Fitting the data to a pre-defined function

We can use the nls function to iteratively alter any number of coefficients in any function we care to use. Let's assume briefly that the relationship y ~ x is not actually cubic but exponential, with the following form: \[ y = e^{a + b sin(x)} \] The function can be defined using the generic method.

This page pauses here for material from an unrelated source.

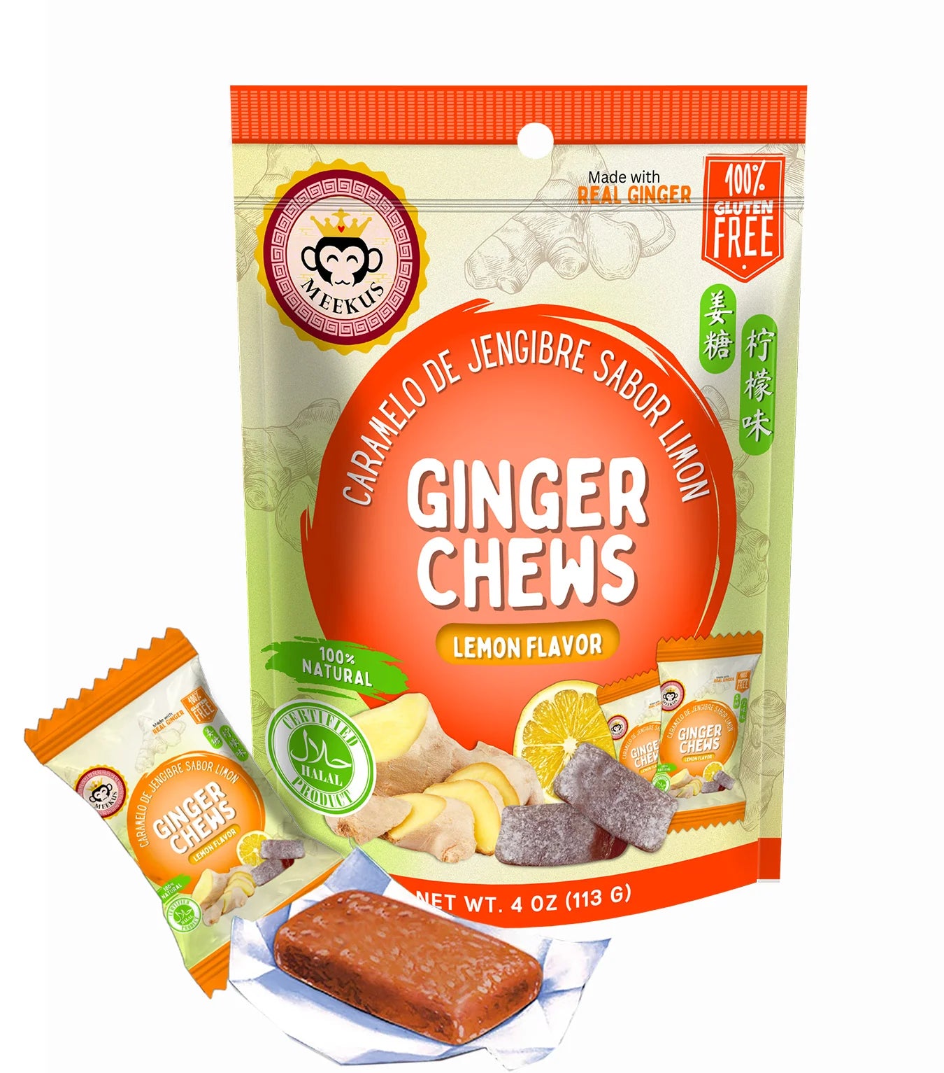 MEEKUS GINGER CANDIES CHEWS LEMON FLAVOR, SOFT CHEWY CANDY 4 OZ (113 G)
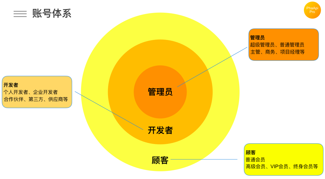 PhalApi Pro 提供了全面的账号体系,以满足企业、开发者和最终顾客不同层级的账号需求。

exp.eq <- function(x, a, b) {
    exp(1)^(a + b * sin(x^4))
}
exp.eq(2, 1, 3)  # testing the equation works: 3^2 + 1 = 10
## [1] 1.146

Now that this functional form has been defined, nls can be used to find the coefficients which best reflect the data:

m.sinexp <- nls(y ~ exp.eq(x, a, b), data = df, start = list(a = 1, b = 1), 
    trace = T)
## 247 :  1 1
## 29.36 :  0.03487 1.17194
## 3.026 :  -0.8671  1.5437
## 0.4251 :  -1.595  2.110
## 0.2796 :  -1.959  2.501
## 0.2785 :  -1.997  2.536
## 0.2785 :  -1.994  2.532
## 0.2785 :  -1.995  2.532
## 0.2785 :  -1.995  2.532
## 0.2785 :  -1.995  2.532

plot(x, y)
lines(s, s^3, lty = 2)
lines(s, predict(m, list(x = s)), col = "green")
lines(s, predict(m.exp, list(x = s)), col = "red")
lines(s, predict(m.sinexp, list(x = s)), col = "blue")

plot of chunk unnamed-chunk-6

Clearly the final exponential function was silly, and did not fit the data well at all. Nevertheless, it showed us how we can use the nls function to fit our pre-defined functions to existing data.